■ **Task to complete**:
Every entry, start to finish, should be printed verbatim without pictures.

-----

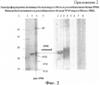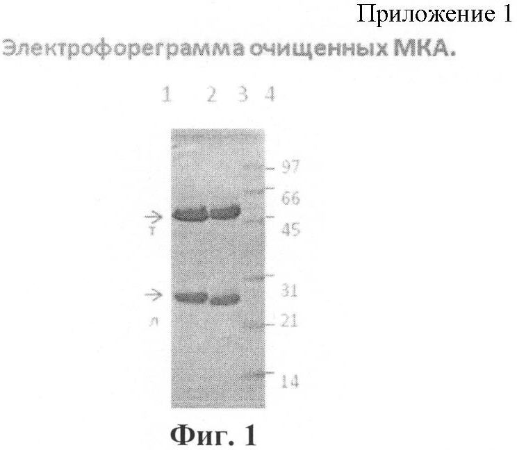 Пример 2. Выделение очищенных моноклональных антител, продуцируемых гибридными культивируемыми клетками штаммов Mus musculus L. ГНЦ ВБ “Вектор” – 4А2 и Mus musculus L. ГНЦ ВБ “Вектор” 1С1. Один объем асцитической жидкости, содержащей МКА, разводят 4 объемами 0,6 М ацетатного буфера (0,04 М лимонной кислоты, 0,2 М натрия ацетата), рН 4,0, и доводят рН до 4,5 с помощью 0,1 N раствора едкого натра. К разведенному образцу добавляют по каплям с постоянным перемешиванием каприловую кислоту из расчета 25 мкл на 1 мл раствора и инкубируют ночь при +4°С. Затем центрифугируют 30 мин при 8000 g и осадок удаляют, а надосадок смешивают с 10-кратным фосфатно-солевым буфером (ФСБ) и устанавливают рН 7,4 раствором 1,0 N едкого натра. Равный объем насыщенного раствора сульфата аммония добавляют к этому раствору, встряхивают и выдерживают ночь при +4°С или 30 мин при +20-25°С. Центрифугируют 15 мин при 5000 g. Надосадок сливают, а осадок растворяют в ФСБ, рН 7,4. Остатки сульфата аммония удаляют путем диализа против 50-100 объемов ФСБ, рН 7,4. Электрофорез очищенных препаратов МКА проводили по методу, описанному в работе [25], в прерывистой буферной системе с использованием 12-15% полиакриламидного геля с 0,1% додецилсульфата натрия в трис-глициновом буфере. Разделяющий гель содержал 0,0625М трис-HCl (рН 8,8), 0,1% SDS, 10(15)% акриламид, 1% N,N-метиленбисакриламид. Препараты МКА (по 1 мкл) наносили на дорожку в объеме 30 мкл буфера, содержащем 0,0625М трис-HCl (рН 6,8), 2% SDS, 5% 2-меркаптоэтанол, 10% глицерин, 0,01% бромфеноловый синий. Перед нанесением буфер, содержащий МКА, прогревали 3 мин при 95°С. Электрофорез вели в режиме 10 В/см. Окраску геля проводили при помощи Кумасси G-250-Очищенные препараты в виде электрофореграммы представлены на фиг.1.
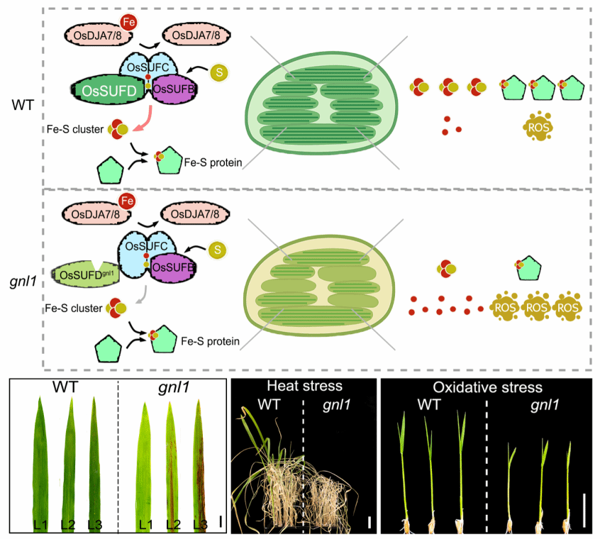 Fe–S clusters是生物体内多种生命活动不可或缺的辅助因子,广泛参与呼吸作用、光合作用、DNA修复等关键生理过程,其功能异常会直接影响生物体正常生长发育。在植物叶绿体中,铁硫簇的生物合成主要由进化上高度保守的SUF途径介导,该途径在维持叶绿体功能稳态中发挥着核心作用。然而,目前关于水稻SUF系统的分子组成,及其在叶绿体生物学功能调控和环境胁迫适应中的具体作用仍不清楚,制约了相关领域的研究与应用推进。
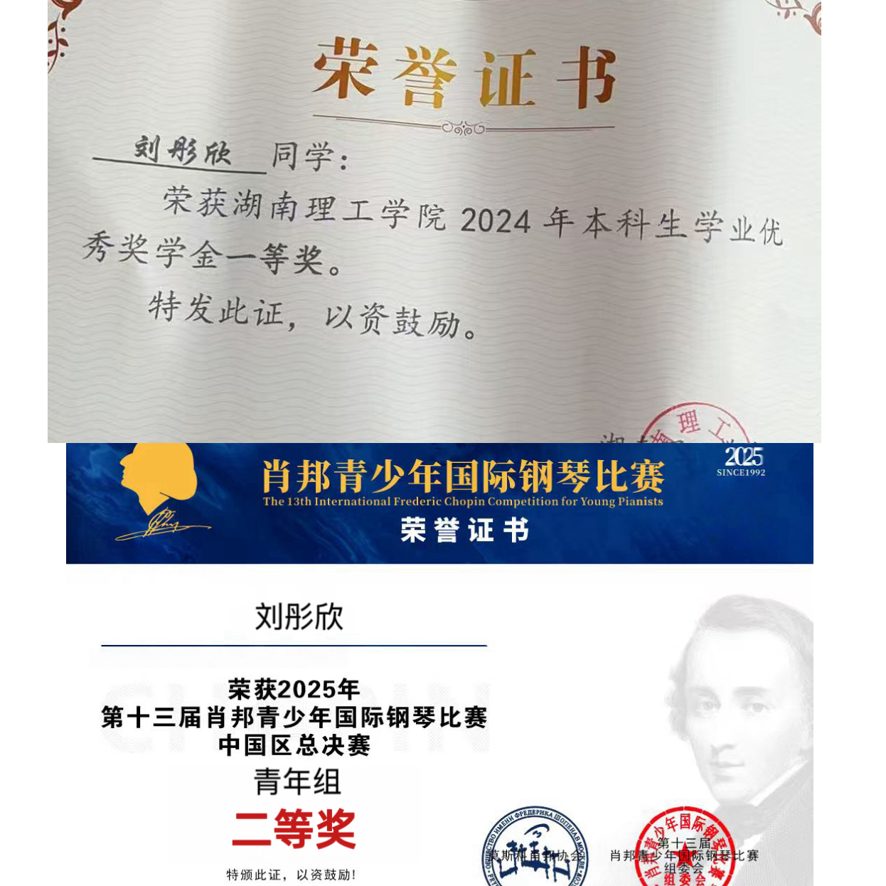 这份科学的规划,也让她在专业与公共课的学习中双线并行、稳步推进。本科期间,她便凭借优异的专业成绩斩获304am永利集团2024年本科生学业优秀奖学金一等奖,更在第十三届肖邦青少年国际钢琴比赛中国区总决赛中,拿下青年组二等奖,用实力印证了自己扎实的专业功底。
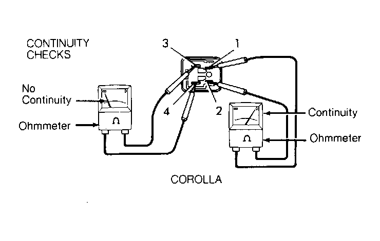 - Check that continunity is present between terminals No. 1 and 2. No continuity should be present between terminals No. 3 and 4.
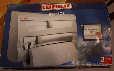 Vendesi portarotolo Scottex, pellicola e alluminio Marca Leifheit, NUOVO, MAI USATO ancora nella sua confezione originale. Corredato di cursori per il taglio preciso e alla lunghezza desiderata di pellicola e alluminio.
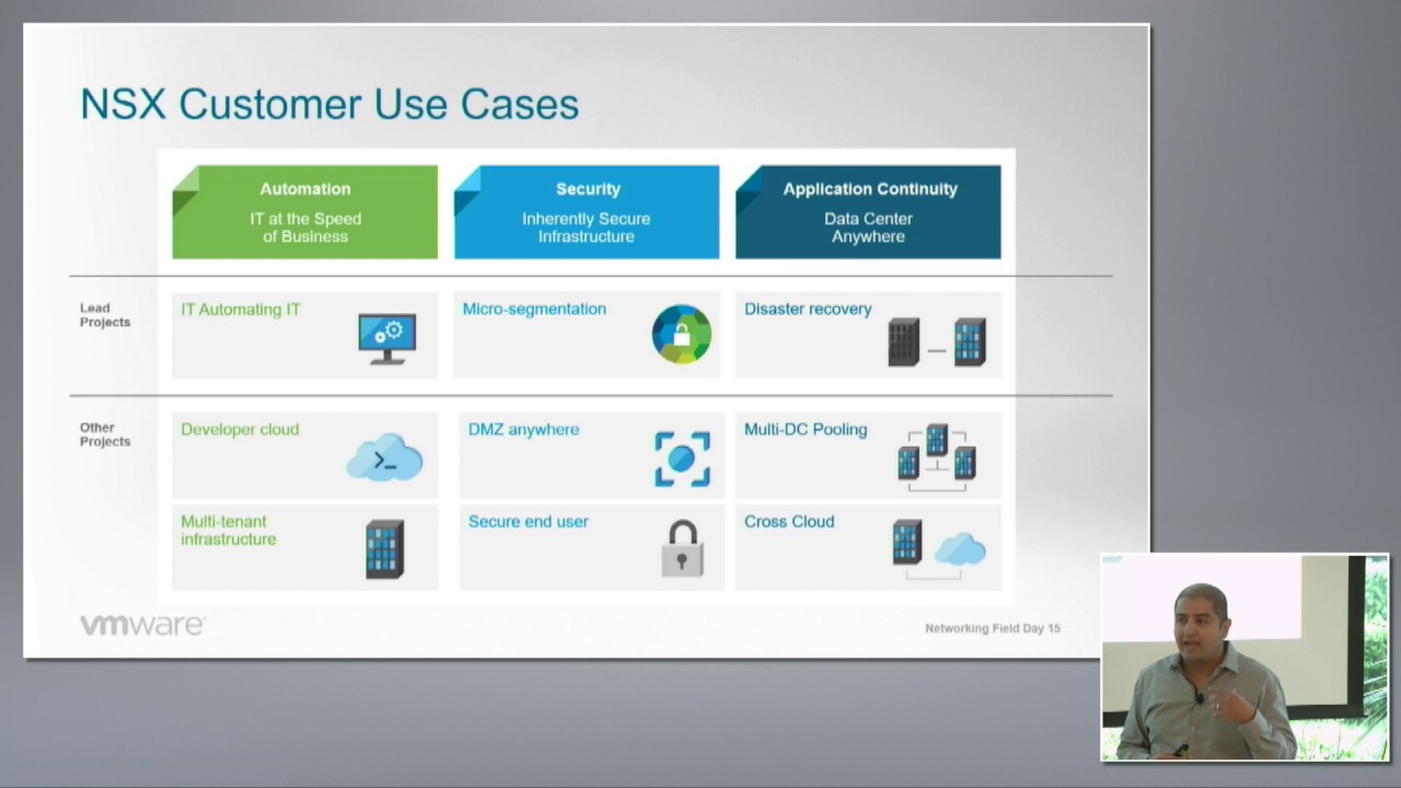 Milin Desai, Vice President of Products, NSBU at VMware, gives the delegates an overview of NSX, including the rationale behind it’s development, and how people are using it. NSX operates with a focus on applications, by decoupling them from the concerns of underlying architecture, which allows for better automation and security. Recorded at Networking Field Day in Silicon Valley on April 6, 2017. For more information, please visit WMware.com/products/NSX.html/ or TechFieldDay.com/event/nfd15/
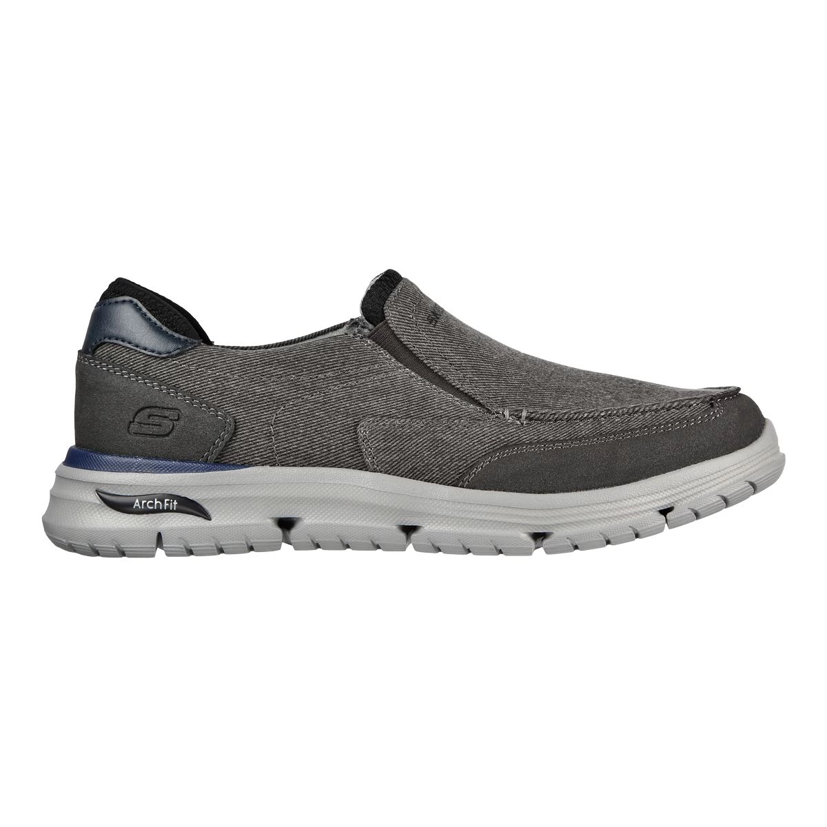 A classic casual look gets enhanced supported comfort in the Skechers Relaxed Fit®: Arch Fit® Vortell – Rothler. This pull-on casual moc toe loafer features a soft woven canvas fabric and synthetic upper plus a Skechers Air-Cooled® insole with a supportive Arch Fit® design.
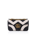 A true statement piece for any woman with a passion for fashion. Gucci presents this unique and edgy bag from their popular Marmont collection. Carefully crafted in black and white matelassé leather, complimented by antique gold-tone hardware and signature GG logo, this piece is definitely eye catching. Wear this bag from day to night, whether you pair it with a pair of jeans and a jumper, or trousers and a silk blouse. The Marmont collection is a famous line from Gucci that took It-Girls and influencers of the world by storm. This is the ideal bag for any young woman with a fashion forward sense of style and doesn't mind being the centre of attention. A handbag well-worthy of any luxury handbag collection that you will have in your wardrobe forever!
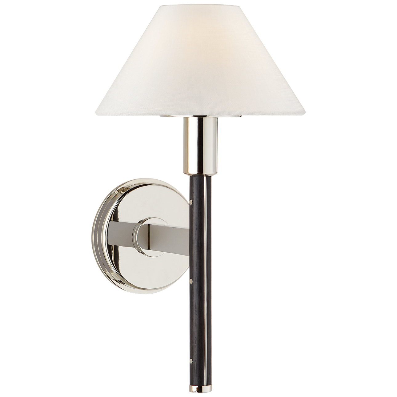 Бра Radford от премиального американского бренда Ralph Lauren Home. Корпус выполнен из стали цвета полированного никеля. Дополнен длинным стержнем из черного дерева. Абажур выполнен из льна. Бра работает от лампочки максимальной мощностью 25 Ватт. Размер крепления к стене 11 см Размер абажура 8 х 20 х 12 см
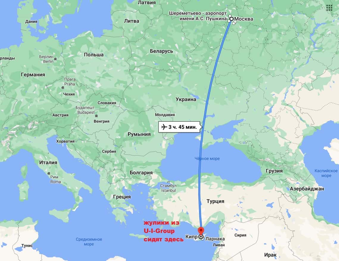 Жулики U-I-Group пишут на своем сайте, что их контора зарегистрирована на острове Кипр. Адрес, скорее всего, фейковый, но проверить это мы не можем.
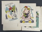 en couleurs, et un feuillet pour le titre et l'avertissement. Par Henri-René Boutigny (1903-1975), illustrateur et caricaturiste tourangeau. On joint 2 feuillets dactylographiés datés de 1943 dont un émanant de la Feldkommandantur de Blois, à propos de la suspicion de certificats de complaisance établis par des médecins français.
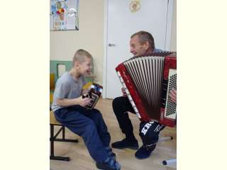 До чего же хороши на манеже малыши! С баянистом любим петь песни и частушки, и настраиваем дружно ушки на макушке. На гармошке Ромочка весело играет, а весёлый воспитатель песню запевает.
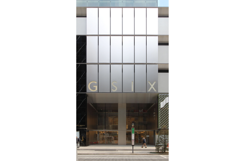 エントランス ウォールパネル・軒天・柱型・建具:ステンレス ショットブラスト仕上

-----

■ **Output for this task**:
 Пример 2. Выделение очищенных моноклональных антител, продуцируемых гибридными культивируемыми клетками штаммов Mus musculus L. ГНЦ ВБ “Вектор” – 4А2 и Mus musculus L. ГНЦ ВБ “Вектор” 1С1. Один объем асцитической жидкости, содержащей МКА, разводят 4 объемами 0,6 М ацетатного буфера (0,04 М лимонной кислоты, 0,2 М натрия ацетата), рН 4,0, и доводят рН до 4,5 с помощью 0,1 N раствора едкого натра. К разведенному образцу добавляют по каплям с постоянным перемешиванием каприловую кислоту из расчета 25 мкл на 1 мл раствора и инкубируют ночь при +4°С. Затем центрифугируют 30 мин при 8000 g и осадок удаляют, а надосадок смешивают с 10-кратным фосфатно-солевым буфером (ФСБ) и устанавливают рН 7,4 раствором 1,0 N едкого натра. Равный объем насыщенного раствора сульфата аммония добавляют к этому раствору, встряхивают и выдерживают ночь при +4°С или 30 мин при +20-25°С. Центрифугируют 15 мин при 5000 g. Надосадок сливают, а осадок растворяют в ФСБ, рН 7,4. Остатки сульфата аммония удаляют путем диализа против 50-100 объемов ФСБ, рН 7,4. Электрофорез очищенных препаратов МКА проводили по методу, описанному в работе [25], в прерывистой буферной системе с использованием 12-15% полиакриламидного геля с 0,1% додецилсульфата натрия в трис-глициновом буфере. Разделяющий гель содержал 0,0625М трис-HCl (рН 8,8), 0,1% SDS, 10(15)% акриламид, 1% N,N-метиленбисакриламид. Препараты МКА (по 1 мкл) наносили на дорожку в объеме 30 мкл буфера, содержащем 0,0625М трис-HCl (рН 6,8), 2% SDS, 5% 2-меркаптоэтанол, 10% глицерин, 0,01% бромфеноловый синий. Перед нанесением буфер, содержащий МКА, прогревали 3 мин при 95°С. Электрофорез вели в режиме 10 В/см. Окраску геля проводили при помощи Кумасси G-250-Очищенные препараты в виде электрофореграммы представлены на фиг.1.
 Fe–S clusters是生物体内多种生命活动不可或缺的辅助因子,广泛参与呼吸作用、光合作用、DNA修复等关键生理过程,其功能异常会直接影响生物体正常生长发育。在植物叶绿体中,铁硫簇的生物合成主要由进化上高度保守的SUF途径介导,该途径在维持叶绿体功能稳态中发挥着核心作用。然而,目前关于水稻SUF系统的分子组成,及其在叶绿体生物学功能调控和环境胁迫适应中的具体作用仍不清楚,制约了相关领域的研究与应用推进。
 这份科学的规划,也让她在专业与公共课的学习中双线并行、稳步推进。本科期间,她便凭借优异的专业成绩斩获304am永利集团2024年本科生学业优秀奖学金一等奖,更在第十三届肖邦青少年国际钢琴比赛中国区总决赛中,拿下青年组二等奖,用实力印证了自己扎实的专业功底。
 - Check that continunity is present between terminals No. 1 and 2. No continuity should be present between terminals No. 3 and 4.
 Vendesi portarotolo Scottex, pellicola e alluminio Marca Leifheit, NUOVO, MAI USATO ancora nella sua confezione originale. Corredato di cursori per il taglio preciso e alla lunghezza desiderata di pellicola e alluminio.
 Milin Desai, Vice President of Products, NSBU at VMware, gives the delegates an overview of NSX, including the rationale behind it’s development, and how people are using it. NSX operates with a focus on applications, by decoupling them from the concerns of underlying architecture, which allows for better automation and security. Recorded at Networking Field Day in Silicon Valley on April 6, 2017. For more information, please visit WMware.com/products/NSX.html/ or TechFieldDay.com/event/nfd15/
 A classic casual look gets enhanced supported comfort in the Skechers Relaxed Fit®: Arch Fit® Vortell – Rothler. This pull-on casual moc toe loafer features a soft woven canvas fabric and synthetic upper plus a Skechers Air-Cooled® insole with a supportive Arch Fit® design.
 A true statement piece for any woman with a passion for fashion. Gucci presents this unique and edgy bag from their popular Marmont collection. Carefully crafted in black and white matelassé leather, complimented by antique gold-tone hardware and signature GG logo, this piece is definitely eye catching. Wear this bag from day to night, whether you pair it with a pair of jeans and a jumper, or trousers and a silk blouse. The Marmont collection is a famous line from Gucci that took It-Girls and influencers of the world by storm. This is the ideal bag for any young woman with a fashion forward sense of style and doesn't mind being the centre of attention. A handbag well-worthy of any luxury handbag collection that you will have in your wardrobe forever!
 Бра Radford от премиального американского бренда Ralph Lauren Home. Корпус выполнен из стали цвета полированного никеля. Дополнен длинным стержнем из черного дерева. Абажур выполнен из льна. Бра работает от лампочки максимальной мощностью 25 Ватт. Размер крепления к стене 11 см Размер абажура 8 х 20 х 12 см
 Жулики U-I-Group пишут на своем сайте, что их контора зарегистрирована на острове Кипр. Адрес, скорее всего, фейковый, но проверить это мы не можем.
 en couleurs, et un feuillet pour le titre et l'avertissement. Par Henri-René Boutigny (1903-1975), illustrateur et caricaturiste tourangeau. On joint 2 feuillets dactylographiés datés de 1943 dont un émanant de la Feldkommandantur de Blois, à propos de la suspicion de certificats de complaisance établis par des médecins français.
 До чего же хороши на манеже малыши! С баянистом любим петь песни и частушки, и настраиваем дружно ушки на макушке. На гармошке Ромочка весело играет, а весёлый воспитатель песню запевает.
 エントランス ウォールパネル・軒天・柱型・建具:ステンレス ショットブラスト仕上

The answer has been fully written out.